Identification and quantification of major lipid biomarkers in deep-sea sediments have been features of many Ocean Drilling Program (ODP) and Deep Sea Drilling Project (DSDP) studies. Compilation of this data has allowed molecular stratigraphic studies to elucidate the origin of sedimentary organic matter and the influence of water-column and postdepositional diagenesis and to determine various proxy signals of paleoenvironmental parameters (e.g., Brassell et al., 1981, 1986a; ten Haven et al., 1990, 1992; Farrimond et al., 1990; Poynter et al., 1989; Repeta et al., 1992).

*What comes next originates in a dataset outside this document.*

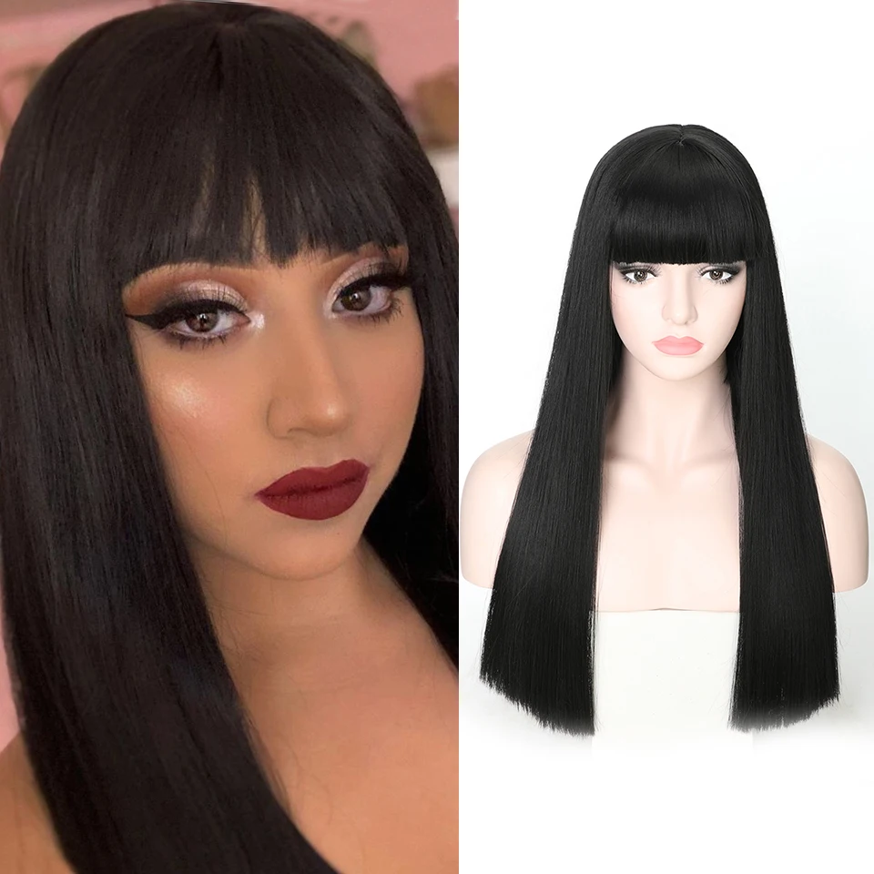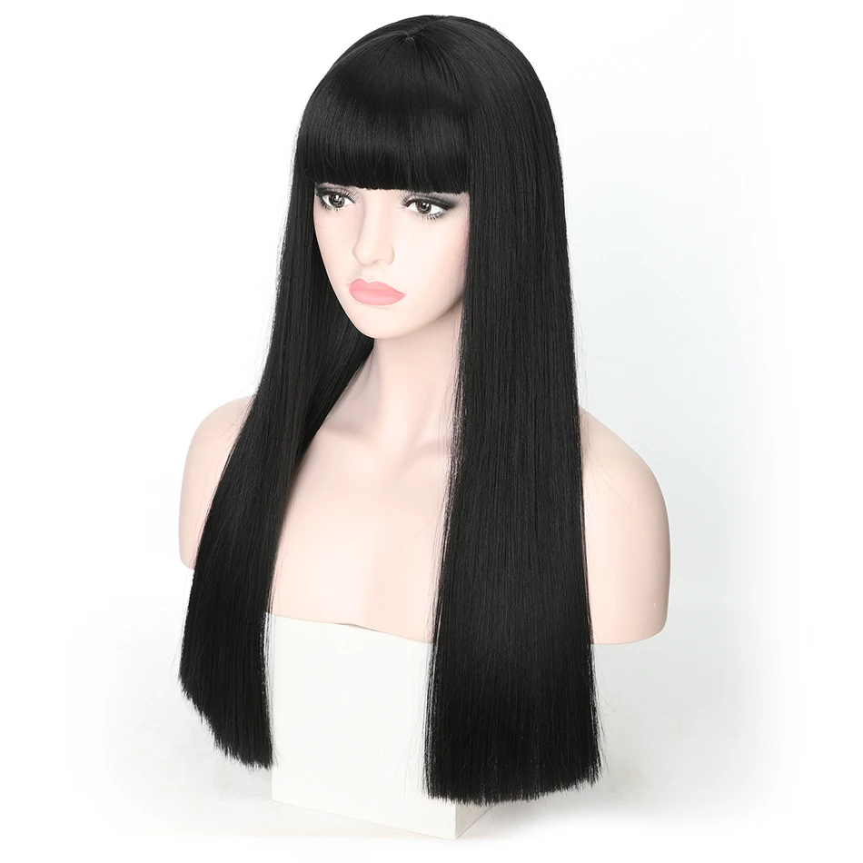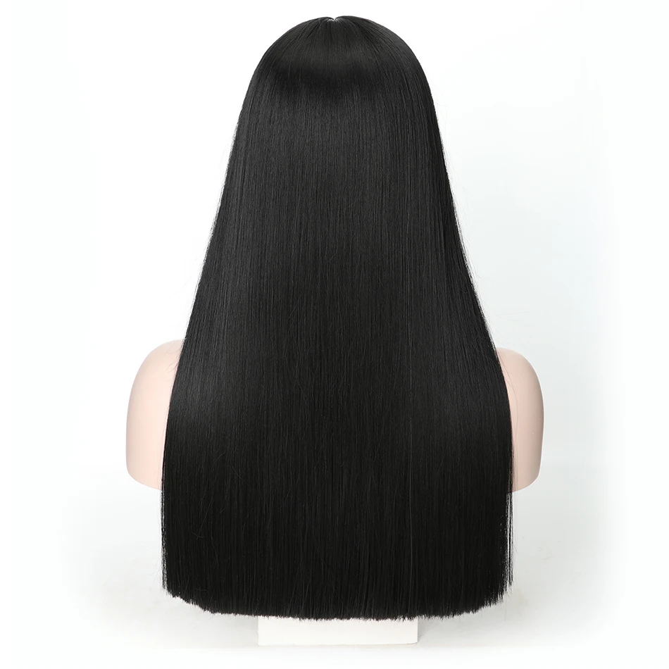 FREEWOMAN Black Lace Wig Synthetic Hair Extensions Bang Wigs For Women Straight Synthetic Hair Heat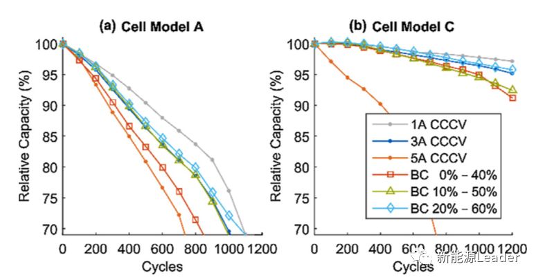 下图为电池A和C采用BC充电策略的循环性能,从图中能够看到对于电池A,如果从0%开始采用加速充电(5A)则会导致电池的衰降速度显著增加,与5A电流的CCCV充电策略接近。而如果从10%SoC和20%开始加速充电,则循环寿命会大大改善,与3A电流的CCCV充电策略接近。而对于电池C,如果开始加速充电的SoC为0%和10%则会导致电池的衰降速度明显加速,而如果在20%SoC开始加速充电,则对于电池的循环寿命的影响较小。这也表明在较低的SoC下进行加速充电会导致电池的循环寿命受到显著的影响。

Coastal upwelling systems provide environments well suited to biomarker analysis owing to elevated photic zone primary productivity, causing high sedimentation rates of organic matter-rich material. Preservation of the organic matter may be enhanced by rapid incorporation into the sedimentary matrix, limiting the length of time labile lipids are exposed to oxygen (Hartnett et al., 1998; Müller and Suess, 1979). Upwelling regimes of the Atlantic and Pacific Oceans and the Arabian Sea have been studied for their biomarker distributions in previous ODP and DSDP Legs (see ten Haven et al., 1992, for a review). The Benguela Current system (BCS) represents the eastern boundary of the South Atlantic gyre and is analogous to the eastern boundary currents off California, Peru, and northwest Africa. Cold, nutrient-rich South Atlantic Central Water is upwelled in the BCS off Namibia owing to the southeasterly trade wind-driven Ekman transport (Dowsett and Willard, 1996; Shannon, 1985). The BCS was previously studied for organic molecular parameters during DSDP Legs 40 and 75. These and other studies of the BCS have tended to concentrate on sediments deposited on Walvis Ridge and in Walvis Bay (e.g., Boon and de Leeuw, 1979). The Walvis sediments are displaced northward from the intense upwelling cells that occur off Lüderitz, where filaments of cold, nutrient-rich waters from the coastal upwelling area extend well off shore and mix with low-productivity oceanic water, forming a zone of year-round high phytoplankton productivity (Lutjeharms and Stockton, 1987). Site 1084 is located within the zone of year-round high phytoplankton productivity (25°31´S, 13°2´E, North Cape Basin), and the high organic carbon contents and high sedimentation rates have led to suboxic conditions (Wefer, Berger, Richter, et al., 1998).
Micropaleontological, geochemical, and molecular reconstructions of the late Neogene history of the BCS indicate that the intensity of upwelling has fluctuated in accordance with the oscillations of the global climate system (Hinrichs et al., 1999; Kirst et al., 1999; Summerhayes et al., 1995) with an underlying trend toward intensification since the mid-Pliocene (Berger et al., 1998; Diester-Haass et al., 1992; Hay and Brock, 1992; Lange et al., 1999; Marlow et al., 2000; Meyers, 1992).
In this study we have analyzed two samples from upper and lower cores of Hole 1084A for lipid biomarkers. The biomarker data allow a preliminary assessment of how the intensification of upwelling and depth/time-dependent diagenetic transformations may have influenced the input and preservation of the major lipid biomarkers present in the sediments. In addition, identifying and quantifying the major biomarkers for Hole 1084A will add to the inventory of data for further molecular stratigraphic studies.